Problem Consider the mixed binomial distribution $Bin(n, U)$, where U has a standard uniform(0,1) distribution.
(i) Compute E[X | U]
(ii) Compute Var [X | U]
(iii) Find the mean and variance of X
Following is my thought process, I'm not sure if they are even remotely close to be on the right track.
(i) E[X|U] = E[$\frac{f(X,U)}{f_U(u)}$] = $\frac{\sum_{n = 0}^{\infty} x\space{n \choose x} \; p^x (1-p)^{n-x} U(0,1)}{E[U(0,1)]}$ = $\frac{np}{\frac{1}{2}}$ , since p is uniform distribution probability will converge to 1 and np = n. Therefore E[X|U] = 2n?
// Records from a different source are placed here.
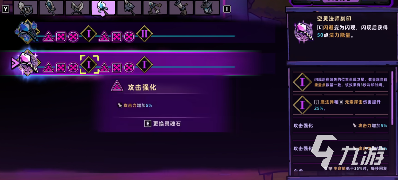 而紅空靈玩法的關(guān)鍵在于附魔選擇,其中最核心的一條附魔效果是:消耗能量點釋放2個衛(wèi)星追蹤敵人并進行持續(xù)8秒射擊。這條附魔能顯著提升衛(wèi)星數(shù)量與持續(xù)時間,是紅空靈傷害機制的基礎(chǔ)構(gòu)件。其他兩條推薦附魔為:提高能量豆上限并讓衛(wèi)星攻擊視為魔法彈、改為射線攻擊并提升25%傷害,雖然重要性略低,但配合主附魔仍能提升輸出效率。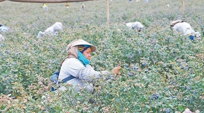 秘魯特魯希略市一家農(nóng)場內(nèi),工人們在采摘藍莓。本報記者 顏 歡攝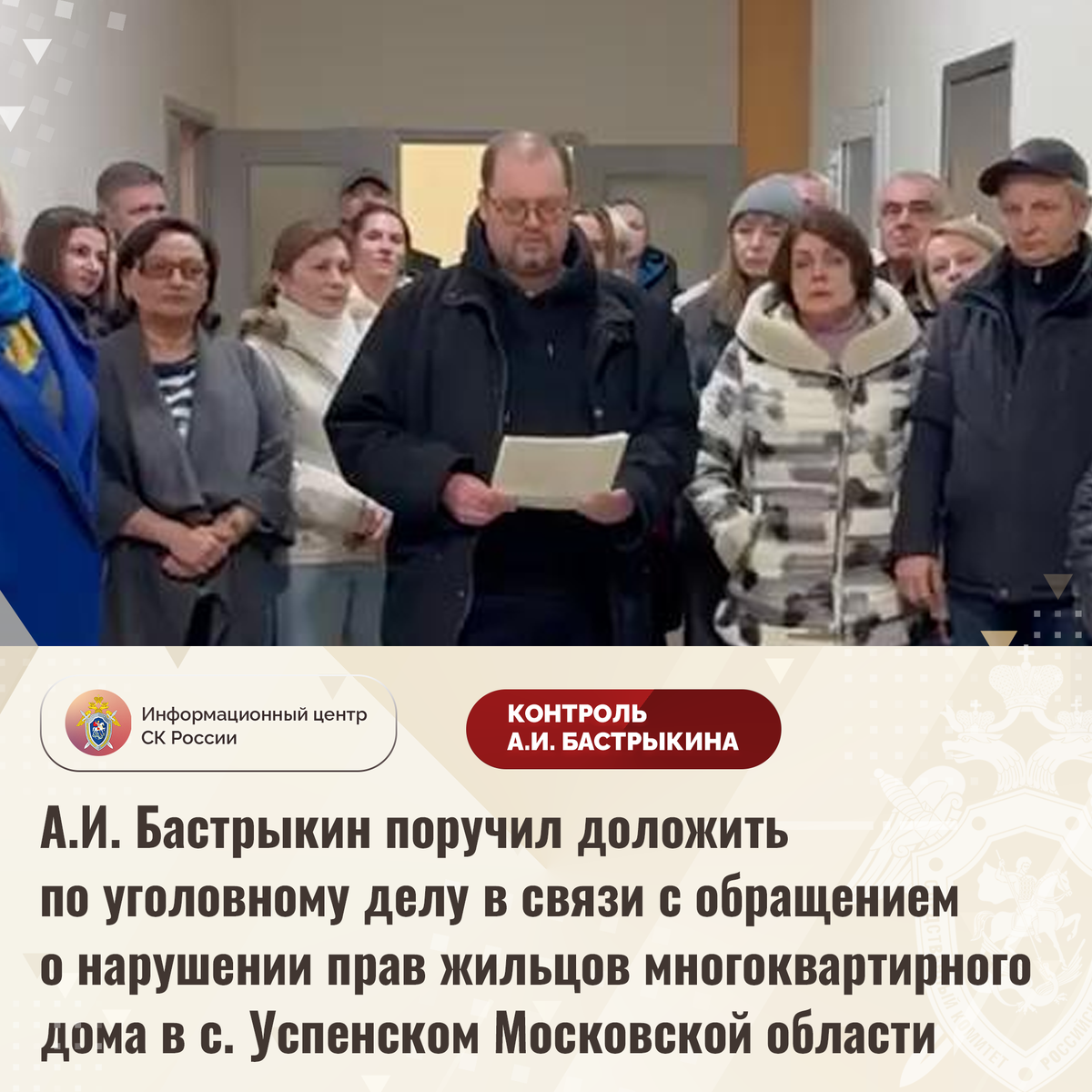 А.И. Бастрыкин поручил доложить по уголовному делу в связи с обращением о нарушении прав жильцов многоквартирного дома в с. Успенском Московской области В СМИ и социальной сети размещено видеообращение к Председателю СК России А.И. Бастрыкину жильцов многоквартирного дома в селе Успенском Московской области по вопросу нарушения их прав. После возведения здания в 2012 году его управление без согласования с собственниками захватило ООО «УК Эклад». При этом обязательства по обслуживанию строения не исполняются. Кроме того, с граждан взимаются коммунальные платежи по завышенным тарифам. Многочисленные обращения жильцов игнорируются. В ГСУ СК России по Московской области по данному факту возбуждено уголовное дело. Председатель Следственного комитета Российской Федерации Александр Иванович Бастрыкин поручил руководителю ГСУ СК России по Московской области Ярославу Александровичу Яковлеву представить доклад о ходе и результатах расследования уголовного дела. Исполнение поручения поставлено

I assume that p= probability of standard Uniform distribution, which is 1?
(ii) Var [X | U]=E[$X^2 | U] – (E[X | U])^2$ = $np(1-p) – (2n)^2$
(iii) $$E[X] = E(E[X|U]) = E[np] = np \quad (since \space X|U \sim Binomial(n,U)) $$
$$Var[X]=Var(E[X|U]) + E(Var[X|U]) $$
$$Since \space Var(E[X|U])=Var(nP) = n^2U(0,1)= n^2(1)$$
$$E(Var[X|U]) = nE[p(1-p)] = 0?$$
$$Therefore \space Var[X]=n^2?$$
Best Answer
No, they are not remotely close. There is no $p$ involved anywhere.
You have been told that $X\mid U\sim\mathcal{Bin}(n, U)$ and $U\sim\mathcal{U}(0;1)$.
(i) $\mathsf E(X\mid U)$ will be a function of $U$, and further ...
(ii) Similarly for $\mathsf{Var}(X\mid U)$
(iii) This relies on the tower properties.$$\mathsf E(X)=\mathsf E(\mathsf E(X\mid U))\\ \mathsf{Var}(X) = \mathsf E(\mathsf {Var}(X\mid U))+\mathsf {Var}(\mathsf E(X\mid U))$$
Well, you should be able to complete that now.